Fossil should by default call the reconstruction script with both -c and -d on separate temp directories, passing the result of the first to the second as input, then check that the data haven't changed. If the reconstruction script cannot do a single round-trip, Fossil should be justified in rolling back the checkin/rebuild operation.
For the sound file example, I copy-pasted *.mp4 then didn't fill in a proper example. Substitute something like FLAC or Apple Lossless.
For the ProRes movie file example, I should clarify that the reconstruction script will probably have to produce a directory full of still frame files in an uncompressed binary format on decompression and then re-encode the ProRes file on recompression. This will be expensive in terms of disk space and CPU time, so it'll only be used when the smallest possible repository size is important, and when the movie file doesn't change much between versions, at a frame level.

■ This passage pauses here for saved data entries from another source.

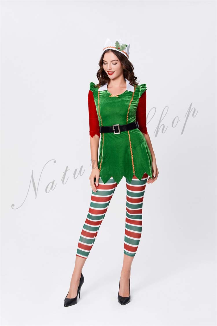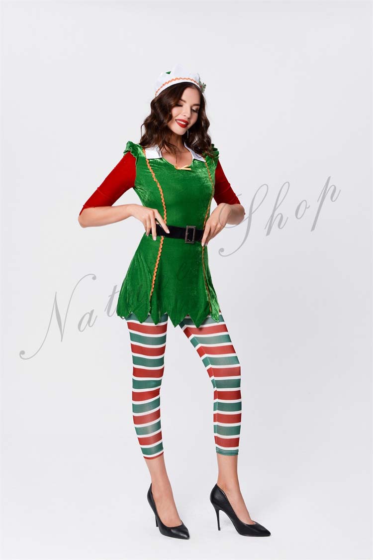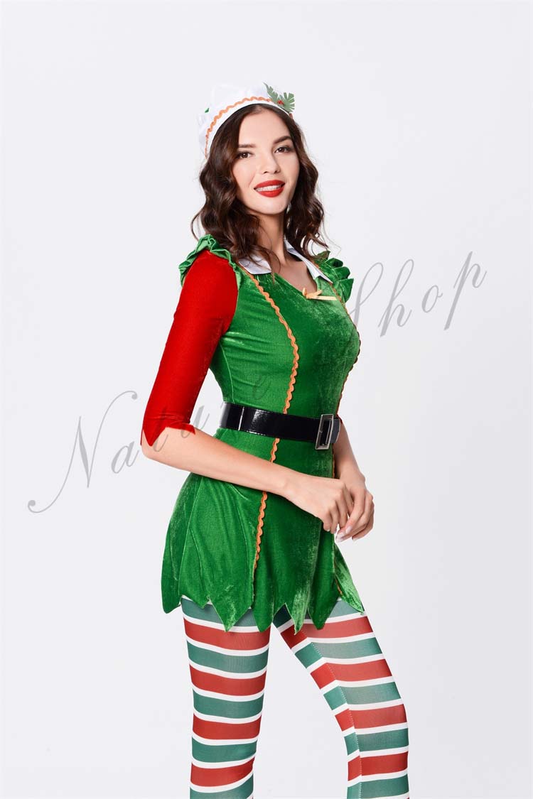 サンタ レディース コスプレ 衣装 クリスマスツリー 大人 長袖 コスチューム ベルトワンピース サンタ 4点セット コスプレ サンタ衣装 クリスマス クリスマス衣装 余興プレ コス
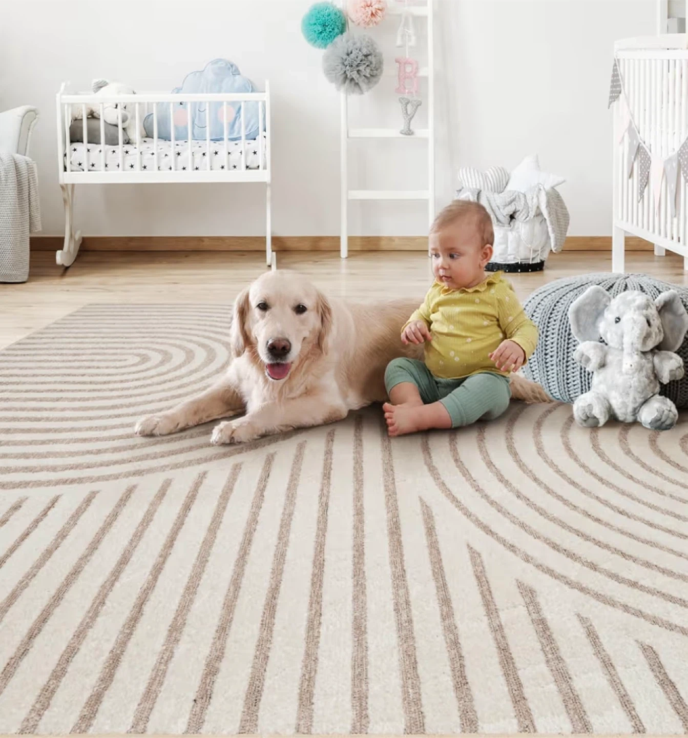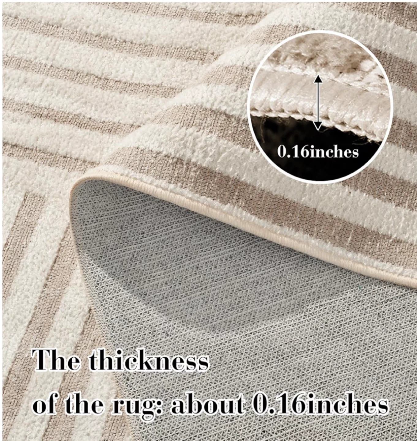 Selling a lovely area rug with a modern geometric design! It's soft and cozy, perfect for adding a touch of style to any room. The rug is also durable and non-shedding, great for homes with kids and pets. The thickness of the rug is about 0.16 inches.
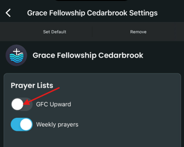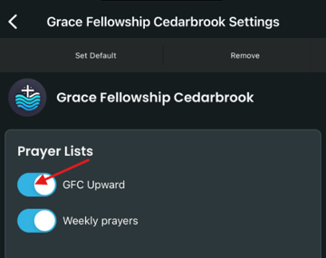 - You are still a member of the selected group but you will not receive prayer requests from nor be able to submit prayer requests to this group. Simply select the back arrow
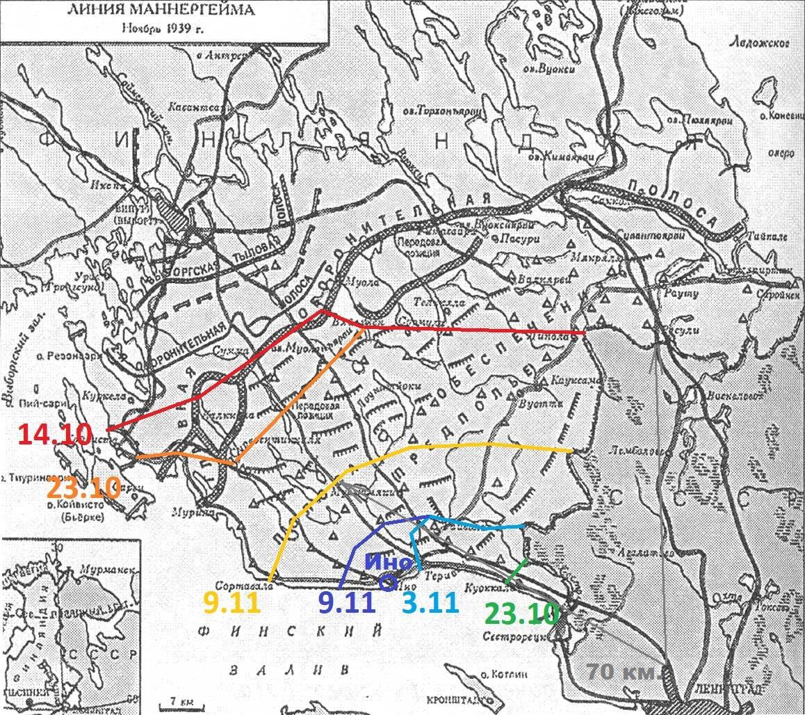 Финской стороне на переговорах в Москве правительство разрешило уступить еще и форт Ино с 8 километрами предполья, если советская сторона откажется от своих требований по базе в Ханко. Хотя президент Финляндии Каллио твердо высказался против уступки Ино. Свою позицию президент аргументировал тем, что русские потребуют еще и прилегающую территорию, которая будет защитным поясом для Ино. Так оно и вышло, Сталин попросил 20 километров предполья.
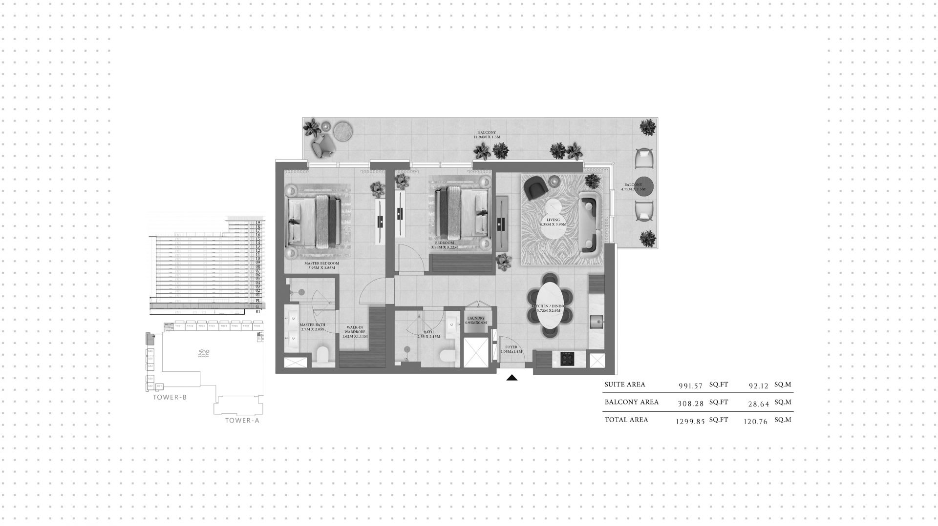 An apartment with 2 bedrooms in the complex Vida Residences Hillside. The apartment with an area of 1 300 ft² is located on the 0 of 20, finished. Windows: panoramic. Delivery of the project is scheduled for the 2st st quarter of 2029.
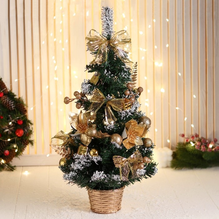 Ёлка декор "Праздничная" бантик цветок шары, 28х58 см, золото

This feature will need to be purely optional, with decisions made about when and how to make use of it left to each repo's administrators. This is another good reason not to put the logic into Fossil itself.
In making my point about Pandoc, MagickCore, libavformat, etc., I didn't make something explicit that others not familiar with these projects might not realize: each one is around the size of Fossil itself, yet each covers only a small subset of the file types we want this feature to cover! Fossil minus SQLite, its third-party dependencies, and its test suite is currently 107 kSLOC. Of my examples, Sox is the smallest at "only" 38 kSLOC. Pandoc is next up at 53 kSLOC. Then we have libavformat at 160 kSLOC and MagickCore at 172 kSLOC. And libavformat is useless without libavcodec and more, which brings the total up to about a million SLOC before even considering third-party dependencies!

The point is, a fully-featured all-internal Fossil implementation of reconstruction covering the top 1% of file types would probably make Fossil many times larger just for all of the codecs required.

(3) By Warren Young (wyoung) on 2019-07-21 09:36:19 in reply to 1.1 [link] [source]

This feature will interact strangely with Fossil's embedded document and /file features.

If I have a PNG in the repo and my reconstruction scripts store its pixel data as an uncompressed Windows BMP instead, then embed that PNG into a wiki document, it'll probably fail because my browser won't want to render a BMP file. The Fossil server will need to reconstruct the PNG before serving it. That means you'll probably want to turn on Fossil's caching features if you're using this reconstruction feature.

Much the same is true when using Fossil's file browsing feature. When I click on a file in the browser, I want it to send my browser the same file content you'd get on checkout, not the uncompressed and deconstructed form.